3. The defect detection method of the Android dynamic permission application according to claim 1, wherein the step 4.4 includes:

step 4.4.1: for the calling link of the unmarked using method which is left after the step 4.3 is executed, constructing a data flow diagram with the API for checking the dangerous authority as a starting point in the calling link of the using method, extracting all the dangerous authorities checked by the current application, and storing the dangerous authorities in a file CheckedPermisson set;

step 4.4.2: constructing a data flow diagram with an API (application program interface) for requesting dangerous rights as a starting point, extracting all dangerous rights requested by the current application, and storing the dangerous rights in a file request permission set;

step 4.4.3: acquiring dangerous authorities of each use method from a file methodtopermissionmap, storing the dangerous authorities in a file permissionneedledset, comparing the file permissionneedledset with a checkedpermissionsetet, and judging that dangerous authorities required by the use method to be detected are not checked if all the dangerous authorities in the file permissionneedledset are not in the file checkedpermissionsetet, namely, judging that the use method to be detected lacks the detection authorities, and marking the step as a NotChecked;

step 4.4.4: comparing the file Permisson needledSet with the Request dPermisson Set, if the dangerous authority in the file Permisson needledSet does not exist in the set Request dPermisson Set completely, judging that the dangerous authority required by the use method to be detected is not requested, namely, the step that the application authority is lost by the use method to be detected is marked as NotRequested.
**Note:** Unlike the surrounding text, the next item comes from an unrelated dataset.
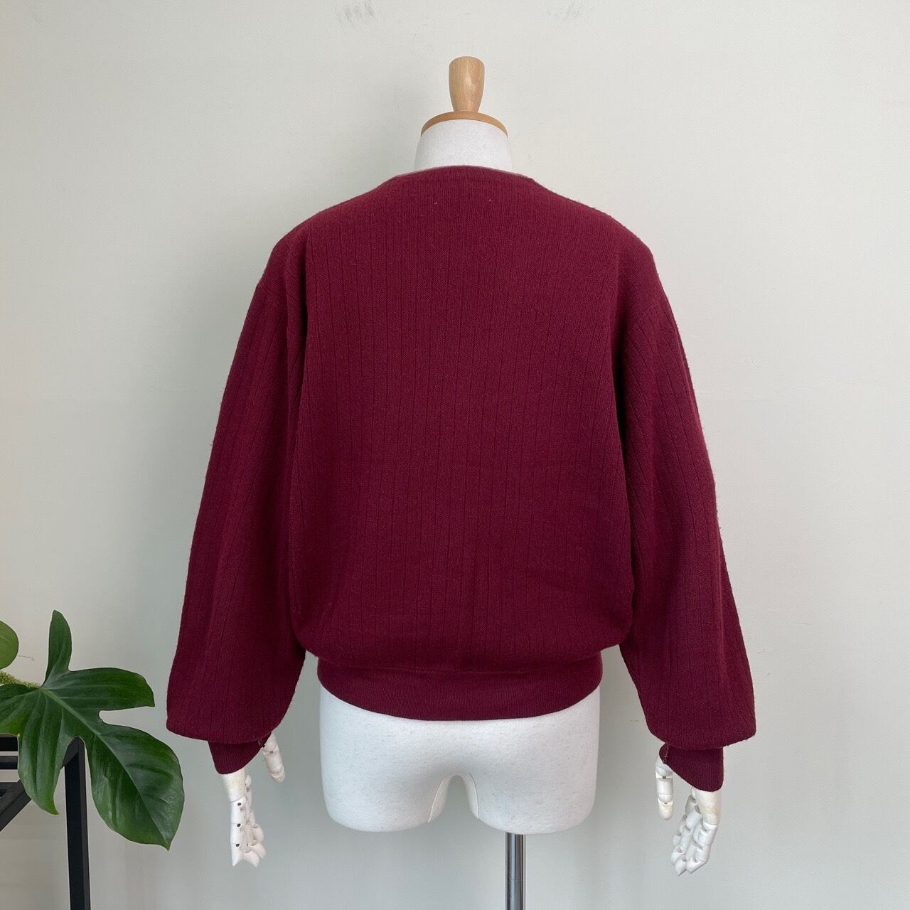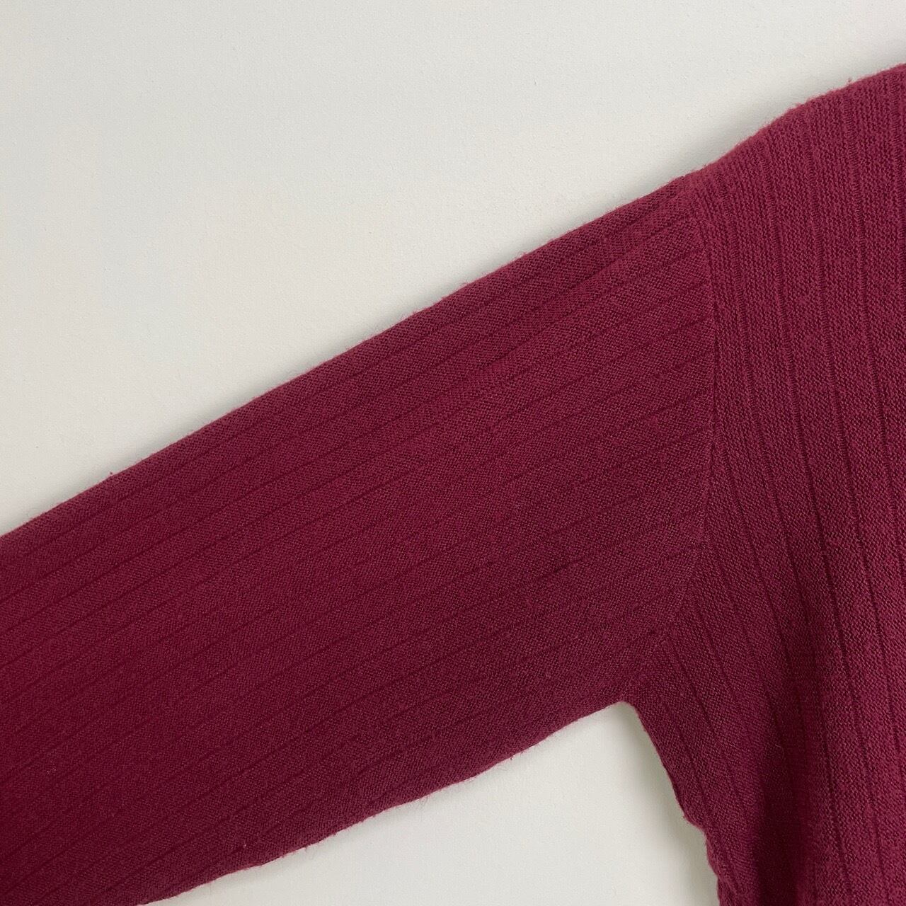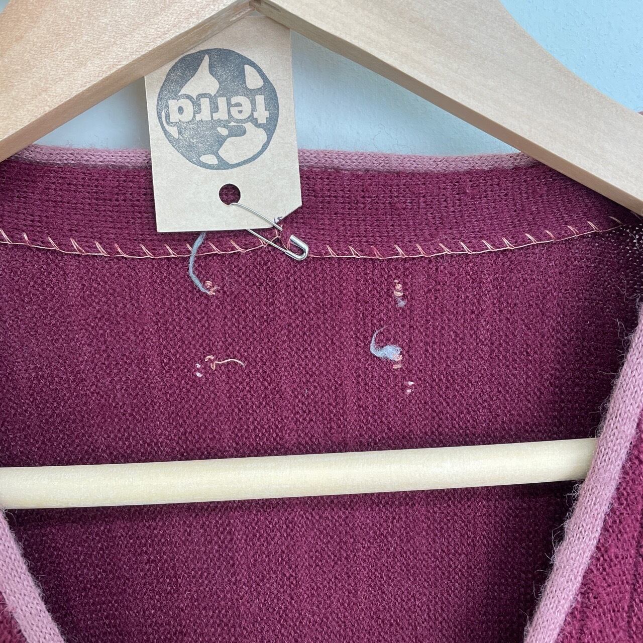 70s リブ編み ツートン アクリルカーディガン ヴィンテージ 古着 ニット 小豆色 バーガンディ マルーン ボルドー ワインレッド えんじ 70年代 ビンテージ 26030103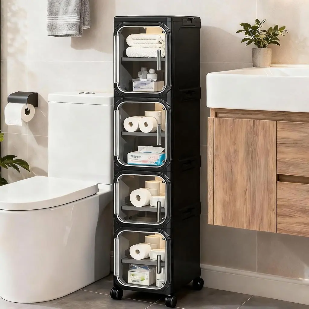 Black White Slim Storage Cabinet No Installation Foldable Movable With Wheels Magnetic Transparent Door Waterproof Dustproof Small Space Large Capacity Organizer 2  360Black White Slim Storage Cabinet No Installation Foldable Movable With Wheels Magnetic Transparent Door Waterproof Dustproof Small Space Large Capacity Organizer 2  360

4. The defect detection method of the Android dynamic permission application according to claim 1, wherein the step 5 includes:

step 5.1: extracting a configuration file of an application, reading a < use-sdk > tag related to a version number, obtaining a platform version specified by the current application, marking the platform version as an attribute targetSDKVMersion of the application, reading difference data among different versions according to the version number, obtaining evolution data under the current targetSDKVMersion version, and storing an evolution data set in a file Evoltionapp;

step 5.2: traversing all methods in the file methodtopermission map, judging whether each using method and the corresponding authority exist in the file evolutionappingmaps, if so, marking the using method as a method which possibly has dynamic authority version compatibility, and storing the method in the file evolution lists;

step 5.3: traversing the file EvolbacterionMethodLists obtained in the step 5.2, taking the use method of each dangerous authority as an end point, extracting a call link of the dangerous authority use method, constructing a complete data flow diagram, judging whether the attribute targetSDKVMsis is judged in the call link and the data flow diagram, judging whether the currently detected dangerous authority use method falls into a True branch of the attribute building.VERSION.SDK_INT, and judging that the compatibility problem between versions exists in the current application if the current authority use method does not exist or does not fall into the True branch, and marking the compatibility problem as NotCompatible.